YouTube Delivers Knock-Out Punch to Competitors

YouTube co-founder Chad Hurley has hinted future plans of revenue-sharing at YouTube in the coming months. The BBC is speculating that the ads might take the form of 3-second pre-roll, but Chad Hurley didn’t mention that in his comments.

The millions of YouTube videos is a huge inventory that finally gives advertisers a real reason to start investing in the creation of video ads and begin using Google AdSense Video.

I believe there will be three parties seeking compensation:

  • Video content owners — owners of original content. (An audio “fingerprinting” copyright system has been in the works for a while, which will match videos up with content owners, in order to compensate audio/video content owners.)
  • Video content creators — users that mash-up content into custom creations.
  • Publishers — user/company that displays a video on their website to visitors.

One of the many questions is whether ads will appear on YouTube videos that are displayed on websites outside of YouTube.com.

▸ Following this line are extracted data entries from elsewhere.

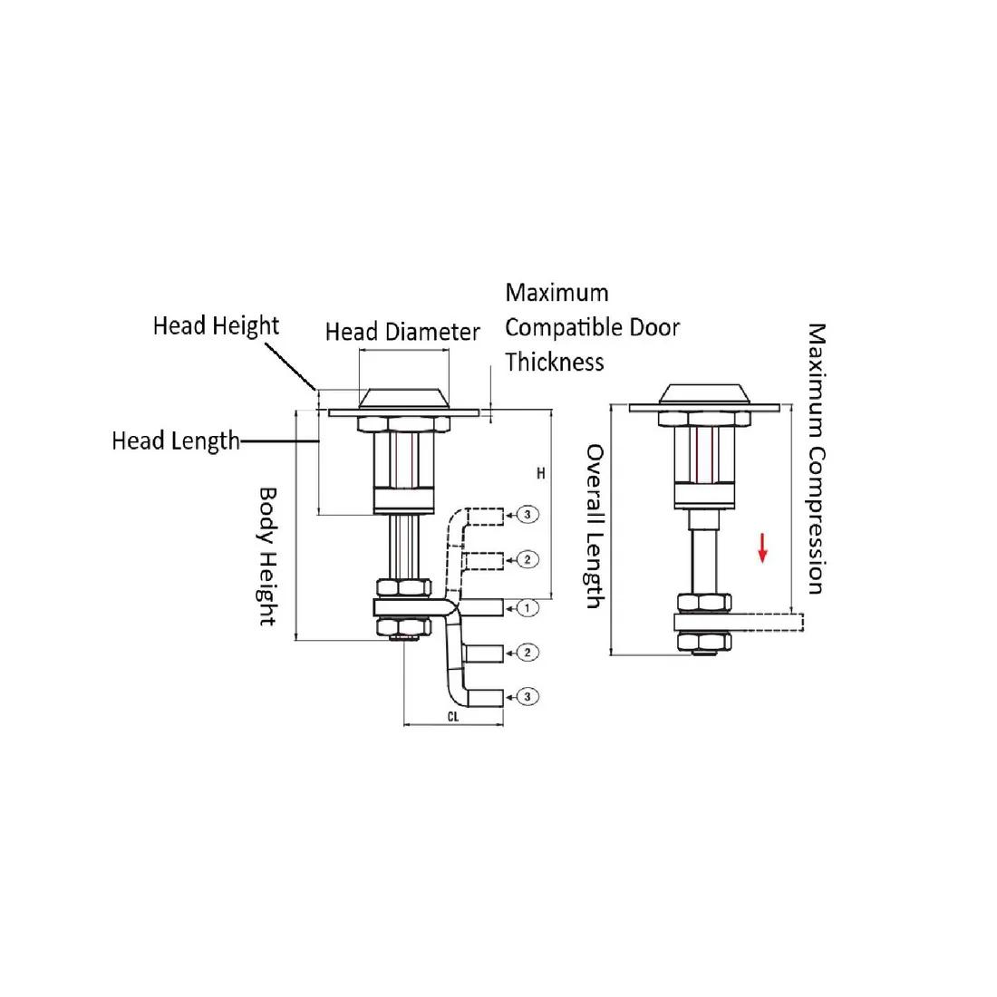 Item Code | Cam Material | Color | Overall Length | Head Diameter | Head Height | Maximum Compression | Finish | Key Type | Head Style | Latch Style | Mounting Orientation | Housing Material | Handle Type | Mounting Hole Width | Maximum Compatible Door Thickness | Washer Material | Coating | Mounting Hole Length | Driver Material | Minimum Grip | Request Quote |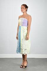 De veelkleurige geborduurde jurk multicolour van Farm Rio valt meteen op door haar levendige paneelontwerp in zachte pasteltinten. De linnen stof voelt luchtig en soepel aan, ideaal voor zonnige dagen. Het borduurwerk toont subtiele bloemmotieven die samen een speels patroon vormen. De golvende zoom met decoratieve uitsnijdingen geeft de midi lengte een zorgvuldige afwerking. Deze jurk valt normaal op maat. Combineer haar met de Morobe sandalen Mimi 05 black voor een complete, zomerse look. Farm Rio brengt kleur en creativiteit samen in elk detail, rechtstreeks uit de energie van Rio de Janeiro.
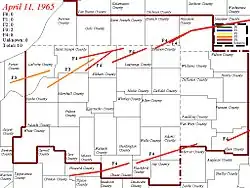 - ^ a b c d e f g h Blake Naftel; Jon Chamberlain; Becky Monroe; Ed Lacey Jr.; Dick Loney (2015). "April 11th 1965 Palm Sunday Tornado Outbreak". Northern Indiana Weather Forecast Office. Syracuse, Indiana: National Weather Service. Archived from the original on April 4, 2015. Retrieved December 14, 2020.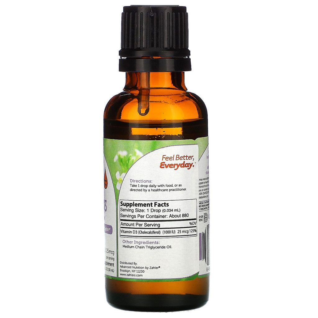 Zahler, Vitamin D3, Advanced D3 Formula, 1,000 IU, 1 fl oz (30 ml)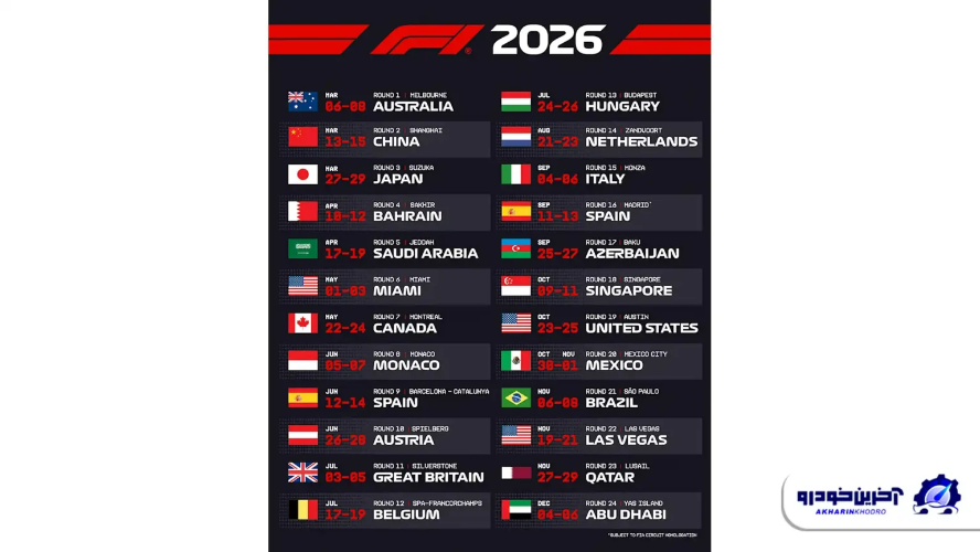 تقویم کامل مسابقات فرمول یک ۲۰۲۶ را میتوانید در ادامه مشاهده کنید: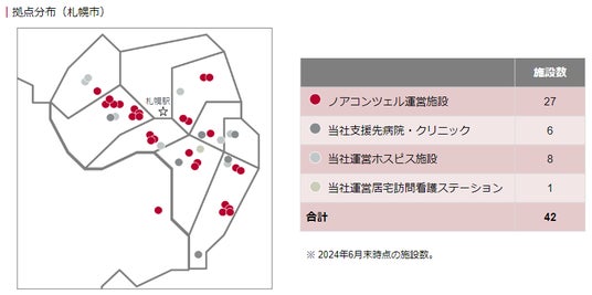 「ReHOPE」、同株式会社ネイチャーが運営するホスピス型住宅「ナーシングホームなつれ」同ソフィアメディ株式会社が運営する「ソフィアメディ訪問看護ステーション」等、札幌市におけるCUCグループの施設数は42カ所となります。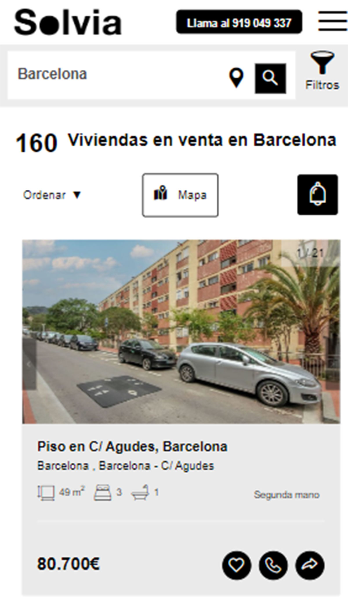 En una horquilla de precios superior, a partir de 80.000 euros, destacan las siguientes viviendas disponibles en Solvia ubicadas en la ciudad de Barcelona: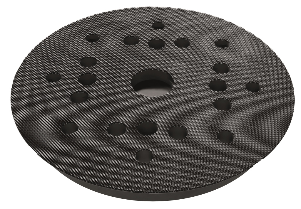 Schleifteller aus hoch strapazierfähigem Spezialmaterial mit Absauglochung für 8 Loch- und Multihole Schleifmittel. Zum Schleifen von Flächen und Konturen.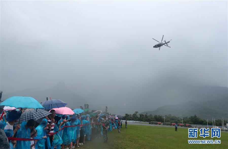 6月29日,参观军营的香港市民冒雨观看直升机飞行表演。 当日,为不断增进与香港各界的沟通与交流,解放军驻港部队石岗军营和新围军营举行开放日活动,当天吸引约两万香港市民冒雨入营参观。 新华社发(原俊敏 摄)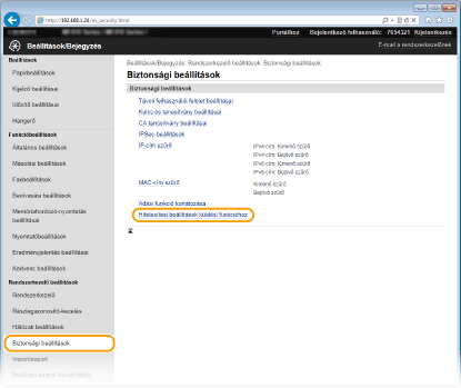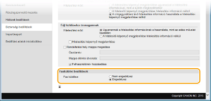 Letiltja a megosztott mappába vagy FTP-kiszolgálóra történő mentést. Ekkor a beolvasási funkciónál nem használható a <Fájl> lehetőség.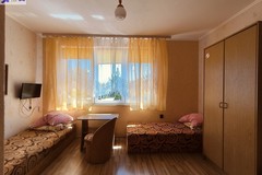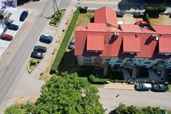 Niektóre z pokoi posiadają balkon. Mieszkanie na parterze (część prywatna właściciela) posiada wyjście na taras i ogród.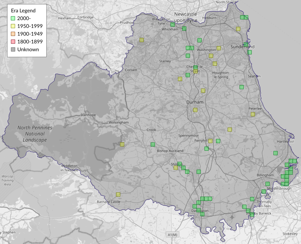 This map shows all records of Lesser Treble-bar - Aplocera efformata in the Durham (VC66) database per monad (1km grid square). The map can be explored further by zooming and panning, can be reset using the button on the left, and can be filtered by selecting the era. Click on a monad to view a full list of species recorded in it, or its containing hexad (10km grid square).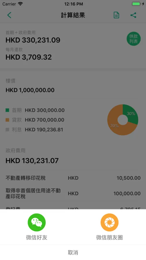 按揭計算器(包括詳細供款表)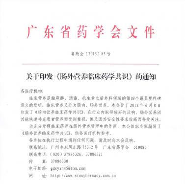 各醫(yī)療機(jī)構(gòu):臨床營(yíng)養(yǎng)是繼麻醉、消毒、抗生素之后外科領(lǐng)域的第四個(gè)最具里程碑意義的發(fā)明。臨床營(yíng)養(yǎng)又分為腸內(nèi)、腸外營(yíng)養(yǎng)。本會(huì)曾于2012年6月8日印發(fā)了《腸內(nèi)營(yíng)養(yǎng)臨床藥學(xué)共識(shí)》,在行業(yè)內(nèi)取得較好的反響。腸外營(yíng)養(yǎng)因其能快速補(bǔ)充患者營(yíng)養(yǎng)而受到重視,但又因其安全性要求較高而備受關(guān)注。為充分發(fā)揮臨床藥師在腸外營(yíng)養(yǎng)管理中的作用,本...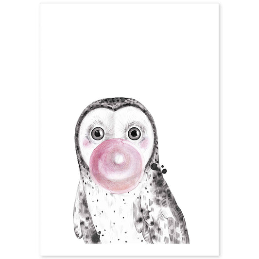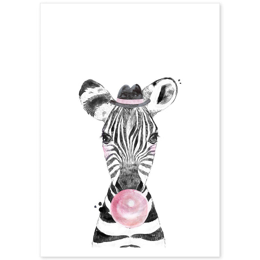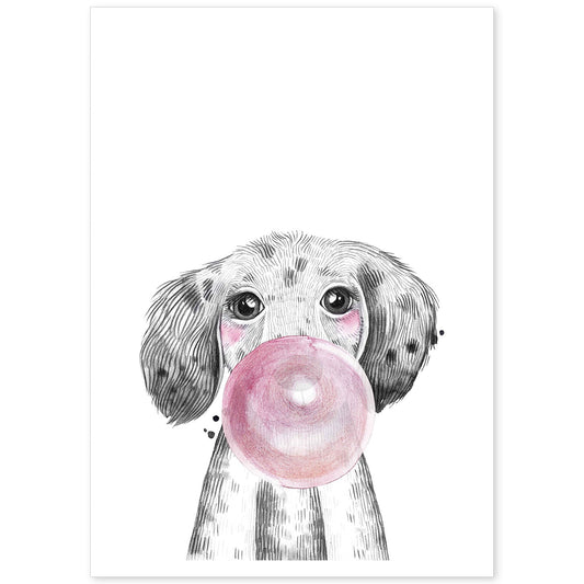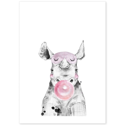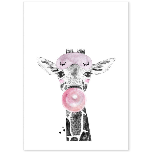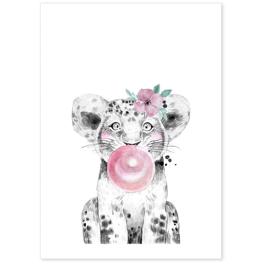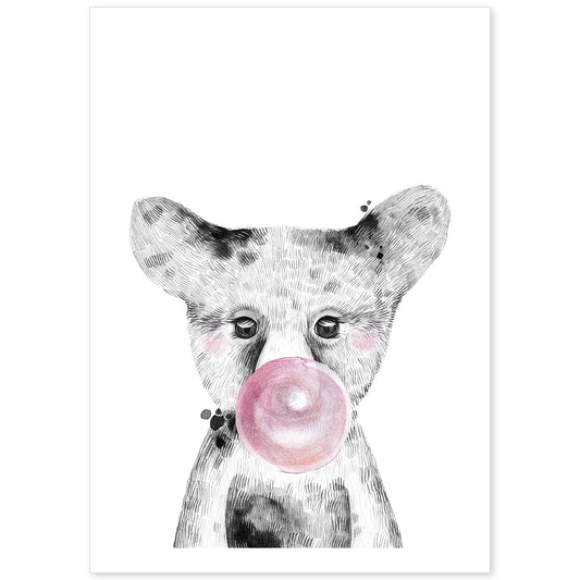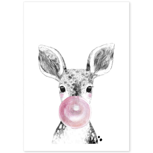 Poster Infantil de Ciervo Bebé con Chicle Rosa
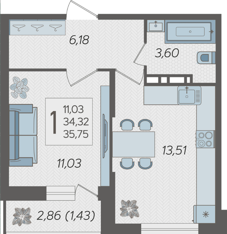 Продается однокомнатная новостройка, 35.75 кв.м., 12/19 эт

If I’m a publisher, I’d want the option to make revenue on a video I publish — but if I’m a publisher (user) on MySpace, MySpace is the ultimate publisher. MySpace is loaded with YouTube videos, but MySpace doesn’t allow external advertising on their website. Also, MySpace has been blocking external widgets randomly and without explanation, so I would imagine that YouTube wouldn’t take a chance by displaying ads in videos that are seen on MySpace pages. Google is already in bed with MySpace, which could lead to rev-share discussions of ads within YouTube videos that stream on MySpace — and also ensure that YouTube doesn’t ever become an unexplained banned victim of MySpace.

YouTube competitors have worked to differentiate themselves by compensating video content creators, but once YouTube enters this game with their top-dog status already — I question what would make a user go to a lesser-visible video site such as Revver, Guba, Metacafe, etc. Competitors have been struggling of recent — Revver lost two founders and Guba lost its’ CEO and two executives.